4人組バンド「クリープハイプ」の尾崎世界観(36)が昨年発表した小説「母影(おもかげ)」(新潮社)が、芥川賞候補になり話題となった。このほど日刊スポーツの取材に応じ、音楽活動と執筆活動の両立などについて語った。【聞き手=大友陽平】

   ◇   ◇   ◇

先月20日の芥川賞発表当日は、バンドメンバーと事務所でその時を待った。

「家を出てタクシーがなかなかつかまらなくて…。事務所に着いて1時間ちょっとで結果が分かったので、野球で言ったら、5回から試合を見た感じしかしなくて、最初から見ていたかったというか…。もうちょっと緊張感を味わいたかった。時間の配分を間違えました(笑い)」

惜しくも今回は受賞とはならなかったが、候補に挙がったことで、反響も大きかった。

「誰かに選ばれたりするということで、注目度が一気に変わるというのは、冷静に客観的に見ていてもこういうことなんだなあと。特にここ何年かは、“人が薦める”ということが1つのトレンドになりますよね。今回候補にしていただいた時も、誰かが認めてくれることで認められるというか、他人の意見が反映される世の中に、今の方がより強くなっているのかなと思います」

「母影」は、母子家庭で育った小学校低学年の女の子が主人公。母の勤める怪しいマッサージ店の片隅で息を潜めながら、揺れ動く感情を少女目線で描き、細部にもこだわった。

「音楽をやっているので、文章のビート感というかリズム感はすごく意識しています。
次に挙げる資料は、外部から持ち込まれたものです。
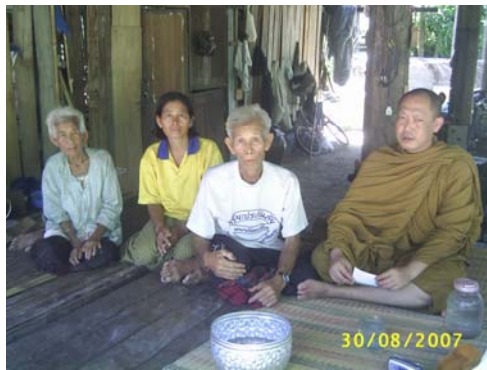
จากซ้าย คือ ยาย มารดาและตา ของพระเดชฤทธิ อธิฐฐาน โณ

ひらがなにした方がちょっと舌っ足らずな感じになって、粘っこくなるなとか、漢字の方がサラッといけるなとか考えながらやっていました」

音楽活動では作詞も手掛けているが、小説を書く楽しさもあるという。

「歌詞を書いている時の喜びというのももちろんあるんですけど、歌詞は偶然いいところにパズルがはまっていくという感覚なんですけど、小説はそのパズル自体を作ってるというか…。0を1にしていくという感覚です。音楽の場合はメロディーもあって、基本的なバンドのイメージもあります。音楽でできないこともあるんですけど、それはもう、今はやらなくていいことという認識があって。でも、何かできていないという状態は表現者としては必要だと思うから、そこで小説を書くということでバランスをとってますね」

「母影」は、コロナ禍でライブの延期・中止を余儀なくされたことから書き始めた。言葉を紡ぎ出すという共通項のもと、音楽活動と執筆活動を、自分自身の中で切磋琢磨(せっさたくま)させている。

「昔はよく『小説1冊や映画1本分に、1曲で勝つような曲を作りたい!』って言ってました。今は音楽では小説に勝つぞと思って作りますし、小説は音楽に負けるわけがないと思って書いているので、自分の中で勝手に左右に引っ張り合っているんです」。

その引っ張り合いが、表現の幅を生み、さらに尾崎自身を進化させている。

「もちろん引っ張り合っているので負荷も感じるんです。だからこそ、どちらかを引っ張る時に重たい。でもそんな中でできた作品は、なかなか倒れない、強いものになると思うので、音楽も執筆も、今後も続けていきたいです」

改めて「母影」を通じて伝えたいメッセージも聞いた

「『自分が思ってることって、本当にこの言葉であてはまるのかな? でもみんなこれ使ってるからこれで表現しなきゃいけない…』という諦めみたいなものが自分の中にあって、それが大人になるってことだと思うんですけど、だからこそ子供の視点を借りて、今回また“言葉”に対してちょっとこうけんかをふっかけるようなことをしたかったんです。自分と切り離して読むのか、自分のこととして読むのかによって変わってくると思うんですけど、どっちにしても読めるようにはなっているので、皆さんの過去のことが呼び起こされるようなスイッチがちゃんと押せたらいいなと思っています」

◆尾崎世界観(おざき・せかいかん)1984年(昭59)11月9日、東京都生まれ。01年にバンド「クリープハイプ」を結成。09年11月に現メンバーで本格的に活動を開始し、12年4月にアルバム「死ぬまで一生愛されてると思ってたよ」でメジャーデビュー。16年6月に小説「祐介」で作家デビューし、17年5月にエッセー「苦汁100%」、19年7月に「泣きたくなるほど嬉しい日々に」など発売。プロ野球ヤクルトの熱狂的なファン。

◆母影(おもかげ) 尾崎世界観が「新潮」20年12月号で発表した中編作品。母子家庭で育った小学校低学年の女の子が主人公。学校で友達を作れず、母の勤めるマッサージ店の片隅で息を潜めながら、揺れ動く感情を描いた。昨年12月に「第164回芥川龍之介賞」の候補作に選出。今年1月29日に単行本を新潮社から発売。